## Task item
Write out again, word for word, the lines below from the line that holds "Aku Ankka 371966Kansi: Nils" through the line that holds "Шапка кашемировая двухсторонняя", omitting pictures.

## Input records
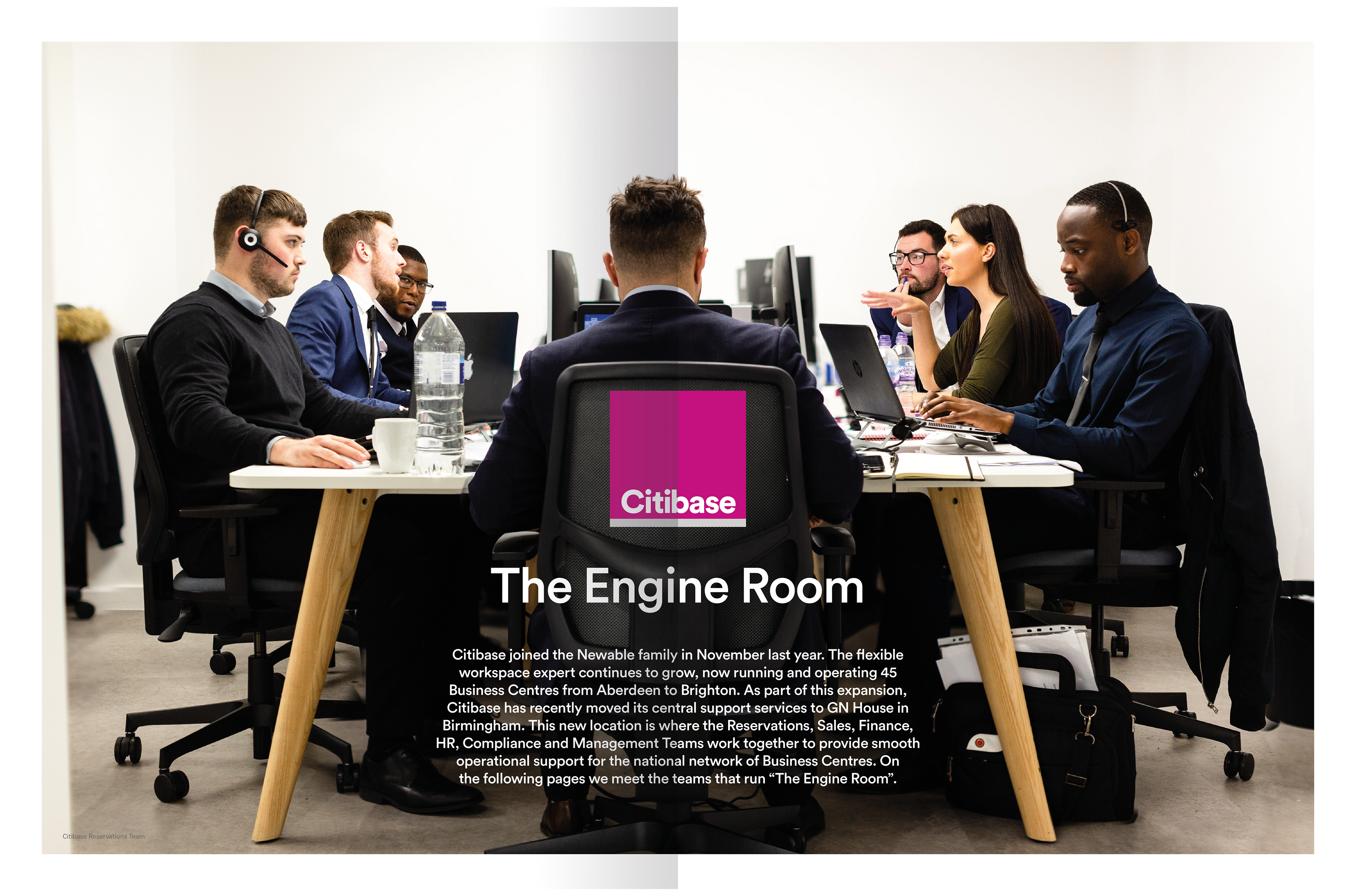 Reportage shots of staff at 'The Engine Room', the headquarters of Birmingham based flexible office specialists Citibase.
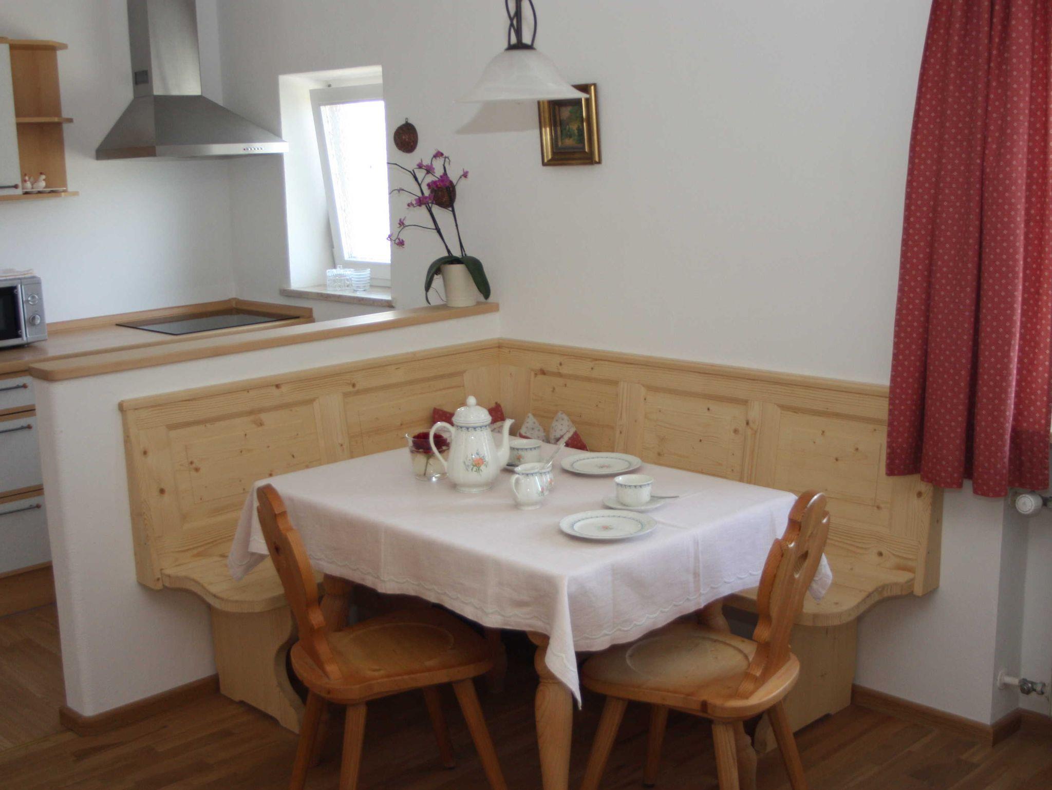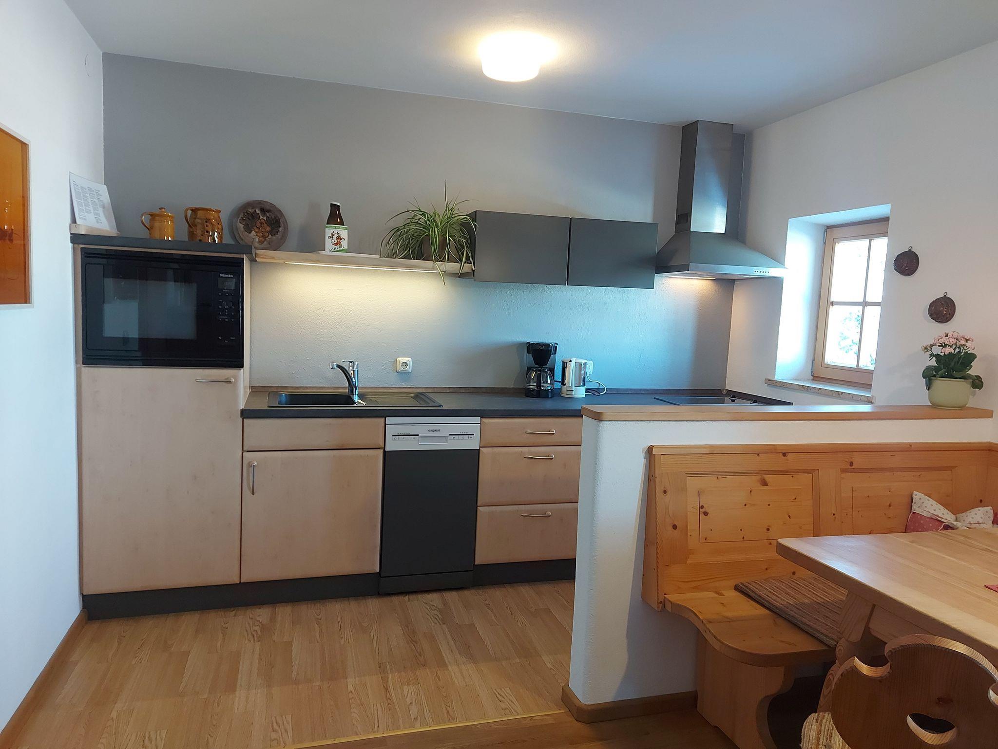 • Wohnküche mit kompletter Ausstattung und Eckbank mit Tisch.
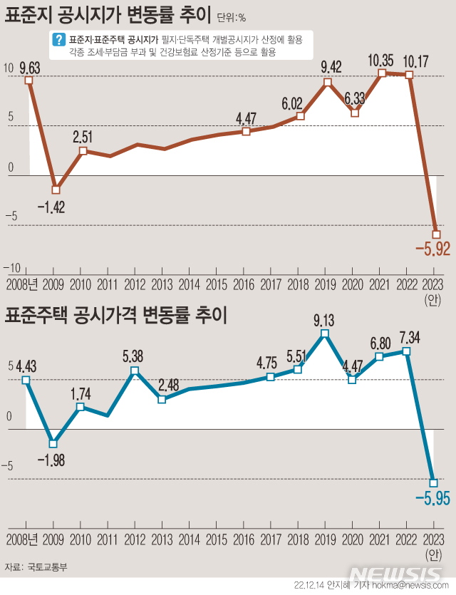 [서울=뉴시스] 국토교통부가 14일 발표한 '2023년 표준지·표준주택 공시가격(안)'에 따르면 표준지 공시지가는 2022년 대비 5.92% 하락한 것으로 나타났다. 전국 표준주택 2023년도 공시가격 변동률은 -5.95%를 기록했다. (그래픽=안지혜 기자)
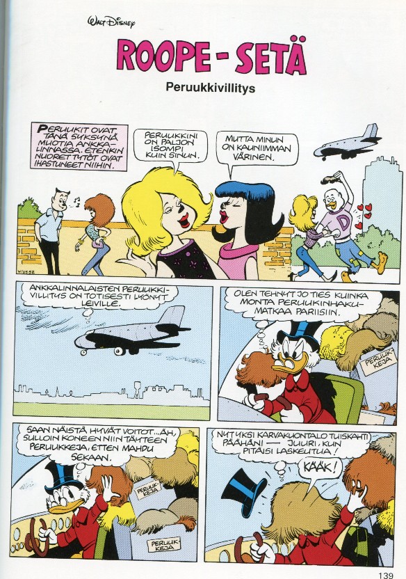 Aku Ankka 371966Kansi: Nils RydahlRoope-SetäPeruukkivillitys osa 1/3sivuja: 5/20Uncle Scrooge 52 (1964)The Great Wig MysteryUusinta: AAJ 3Sivu on otettu uusintapainoksesta:Aku Ankan Juhlasarjat 3
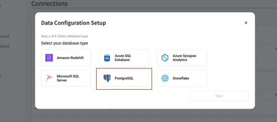 Click on the 'PostgresSQL' box, and you will be taken to a dialog box to configure the connection to the Postgres database.
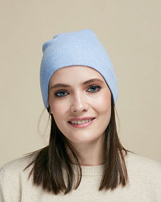 Шапка кашемировая двухсторонняя 11041 голубой/кремовый
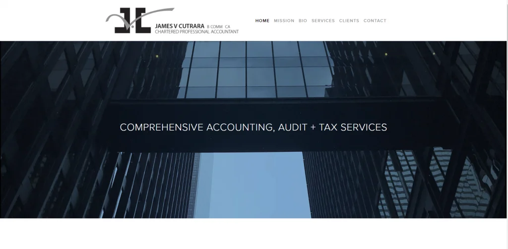 La homepage di James V Cutrara è molto semplice. Con molto spazio bianco e poche immagini. I collegamenti ai servizi, alla biografia e alle informazioni di contatto sono elencati nella home page. Inoltre, ulteriori informazioni da scoprire nella parte superiore della pagina. C'è una mappa di Google, collegamenti ai social media, un numero di telefono visibile in fondo alla pagina.

## Reply to the exercise
 Aku Ankka 371966Kansi: Nils RydahlRoope-SetäPeruukkivillitys osa 1/3sivuja: 5/20Uncle Scrooge 52 (1964)The Great Wig MysteryUusinta: AAJ 3Sivu on otettu uusintapainoksesta:Aku Ankan Juhlasarjat 3
 Click on the 'PostgresSQL' box, and you will be taken to a dialog box to configure the connection to the Postgres database.
 Шапка кашемировая двухсторонняя 11041 голубой/кремовый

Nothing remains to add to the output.